-- SUPPLIED INFORMATION follows --

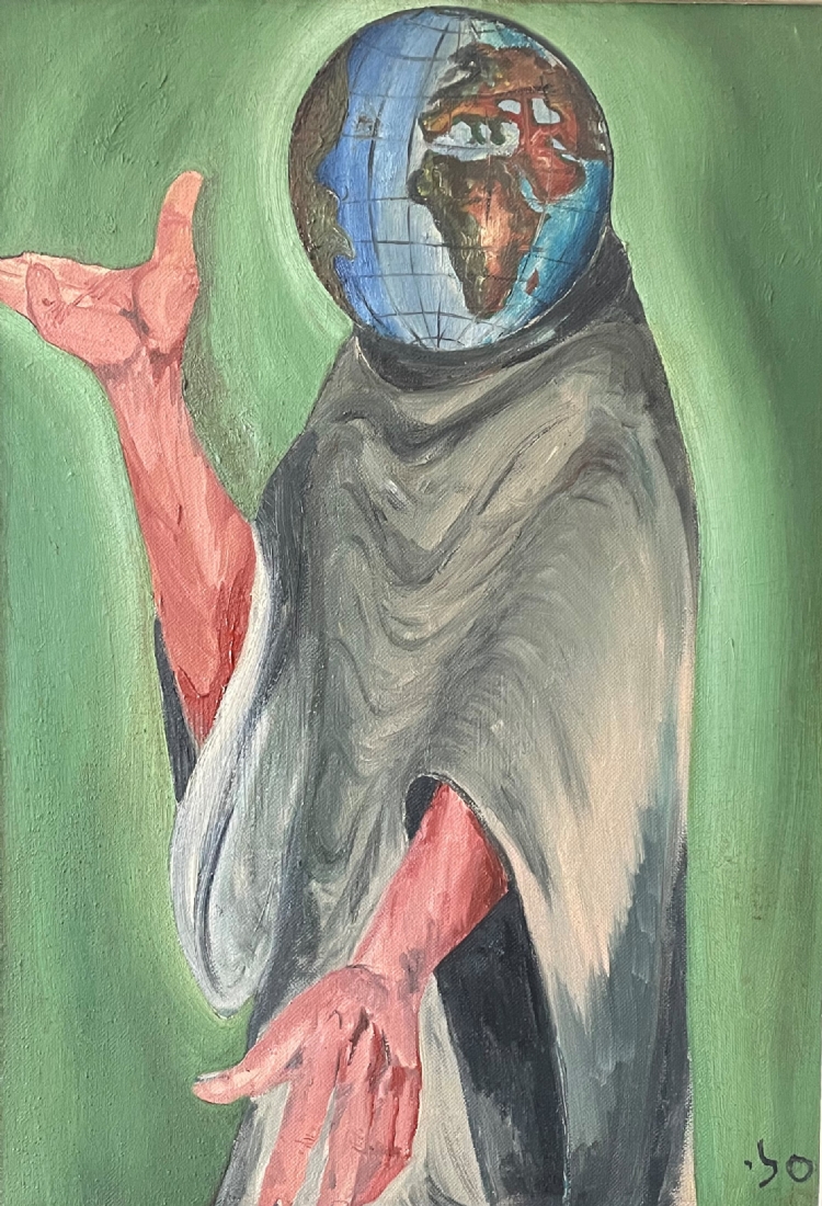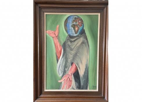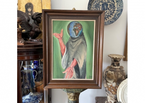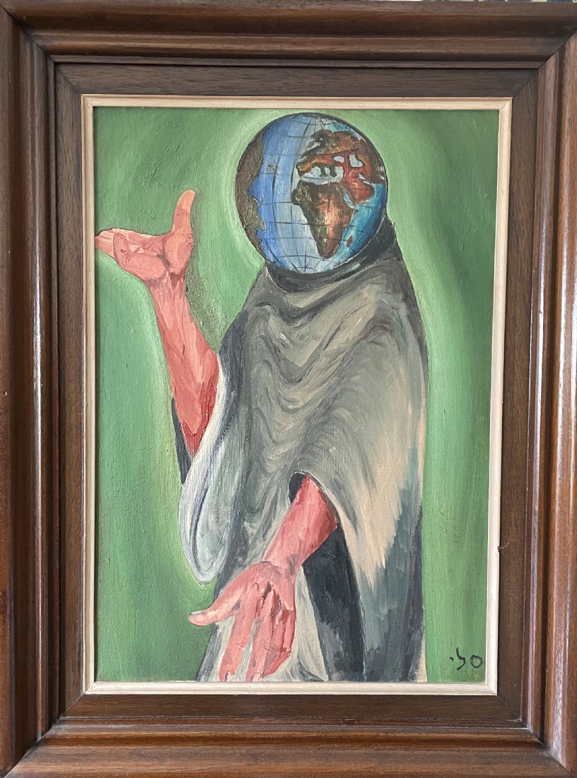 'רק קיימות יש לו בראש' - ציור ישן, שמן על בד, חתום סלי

-- SUPPLIED INFORMATION concluded --
-- SUPPLIED INFORMATION follows --

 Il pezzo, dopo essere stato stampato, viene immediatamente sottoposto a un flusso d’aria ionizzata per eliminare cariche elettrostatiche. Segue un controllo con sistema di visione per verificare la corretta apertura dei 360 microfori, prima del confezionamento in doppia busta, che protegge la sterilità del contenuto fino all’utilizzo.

-- SUPPLIED INFORMATION concluded --
-- SUPPLIED INFORMATION follows --

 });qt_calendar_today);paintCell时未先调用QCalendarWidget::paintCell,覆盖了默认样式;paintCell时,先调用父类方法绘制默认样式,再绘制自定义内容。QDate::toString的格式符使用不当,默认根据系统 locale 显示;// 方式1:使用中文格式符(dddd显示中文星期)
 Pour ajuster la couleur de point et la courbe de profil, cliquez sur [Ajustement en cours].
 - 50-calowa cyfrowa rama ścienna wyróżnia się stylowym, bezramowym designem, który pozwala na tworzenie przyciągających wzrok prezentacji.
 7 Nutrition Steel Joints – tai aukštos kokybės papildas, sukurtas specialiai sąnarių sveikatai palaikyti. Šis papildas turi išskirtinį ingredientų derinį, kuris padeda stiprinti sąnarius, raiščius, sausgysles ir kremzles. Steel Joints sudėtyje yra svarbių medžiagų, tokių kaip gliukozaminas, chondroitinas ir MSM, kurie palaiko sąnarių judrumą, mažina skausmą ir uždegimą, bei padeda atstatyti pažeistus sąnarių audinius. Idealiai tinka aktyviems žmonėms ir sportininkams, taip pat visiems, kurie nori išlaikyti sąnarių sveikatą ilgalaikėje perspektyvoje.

-- SUPPLIED INFORMATION concluded --

# THE PROBLEM
Repeat, word for word, the lines above between the line holding "Pour ajuster la" and the line holding "- 50-calowa cyfrowa", inclusive; omit everything else.

# COMPLETED TASK
 Pour ajuster la couleur de point et la courbe de profil, cliquez sur [Ajustement en cours].
 - 50-calowa cyfrowa rama ścienna wyróżnia się stylowym, bezramowym designem, który pozwala na tworzenie przyciągających wzrok prezentacji.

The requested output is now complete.